The most probable ancestor of domesticated water buffalo is the wild water buffalo (Bubalus arnee), which is native to the Indian subcontinent and tropical Southeast Asia. Two types of domesticated water buffalo are recognized, based on morphological and behavioural criteria – the river buffalo (of the western Indian subcontinent and west to the Levant, the Balkans, and the Mediterranean) and the swamp buffalo (found from Assam and East India in the west, east to the Yangtze Valley of China, and south through Indochina and Southeast Asia).

River- and swamp-type water buffalo are believed to have been domesticated independently. Results of a phylogenetic study indicate that the river-type water buffalo probably originated in western India and was probably domesticated about 6,300 years ago (c. 4300 BCE); the swamp-type originated independently from Mainland Southeast Asia, being domesticated between 3–7,000 years ago. The river buffalo dispersed west as far as Egypt, southern Europe, the Levant, and the Mediterranean regions; swamp buffalo dispersed in the opposite direction, to the rest of Southeast Asia, and as far as the Yangtze Valley in China.

Swamp-type water buffalo entered Island Southeast Asia from at least 2,500 years ago through the northern Philippines, where butchered remains of domesticated water buffalo have been recovered from the Neolithic Nagsabaran site (part of the Lal-lo and Gattaran Shell Middens, c. 2200 BCE to 400 CE). These became the ancestors of the distinctly swamp-type carabao buffalo breed of the Philippines which, in turn, spread to Guam, Indonesia, and Malaysia, among other smaller islands.

The present-day river buffalo is the result of complex domestication processes involving more than one maternal lineage and a significant maternal gene flow from wild populations after the initial domestication events. Twenty-two breeds of the river buffalo are known, including the Murrah, Nili-Ravi, Surti, Carabao, Anatolian, Mediterranean, and Egyptian buffaloes. China has a huge variety of water buffalo genetic resources, with 16 local swamp buffalo breeds in various regions.

===Genetic studies===

Mitochondrial DNA analyses indicate that the two types were domesticated independently. Sequencing of cytochrome b (CytB) genes of Bubalus species implies that the water buffalo originated from at least two populations, and that the river-type and the swamp-type have differentiated at the full species level. The genetic distance between the two types is so large that a divergence time of about 1.7 million years has been suggested. The swamp-type was noticed to have the closest relationship with the tamaraw of the northern Philippines.

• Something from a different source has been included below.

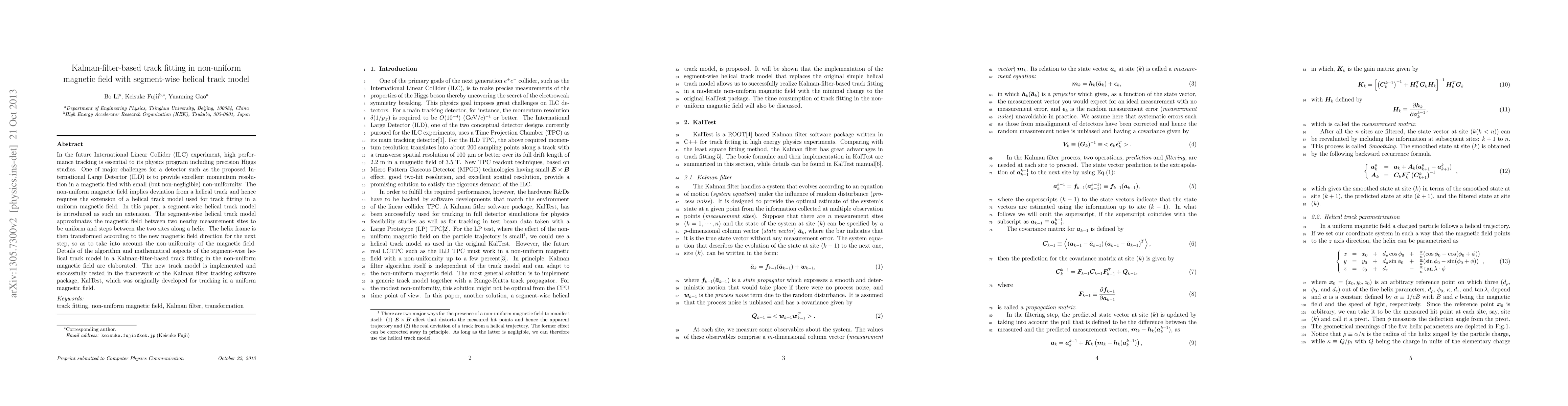 This paper introduces a segment-wise helical track model for track fitting in non-uniform magnetic fields, essential for high-performance tracking in the future International Linear Collider (ILC) experiment. The model approximates the magnetic field as uniform between measurement sites and transforms the helix frame to account for magnetic field non-uniformity, implemented in the Kalman filter tracking software package, KalTest.

A 2008 DNA analysis of Neolithic water buffalo remains in northern China (previously used as evidence of a Chinese domestication origin) found that the remains were of the extinct Bubalus mephistopheles and are not genetically related to modern domesticated water buffaloes. Another study in 2004 also concluded that the remains were from wild specimens. Both indicate that water buffaloes were first domesticated outside of China. Analyses of mitochondrial DNA and single-nucleotide polymorphism indicate that swamp and river buffaloes were crossbred in China.

A 2020 analysis of the genomes of 91 swamp and 30 river buffaloes showed that they separated already before domestication about . A 2021 analysis of water buffalo and lowland anoa genomes unexpectedly found the anoa branching somewhere between swamp and river buffaloes. A 2023 Filipino study using the CytB gene instead found the tamaraw branching between the two.

=== Populations ===

By 2011, the global water buffalo population was about 172 million. The estimated global population of water buffalo is 208 million, distributed in 77 countries in five continents.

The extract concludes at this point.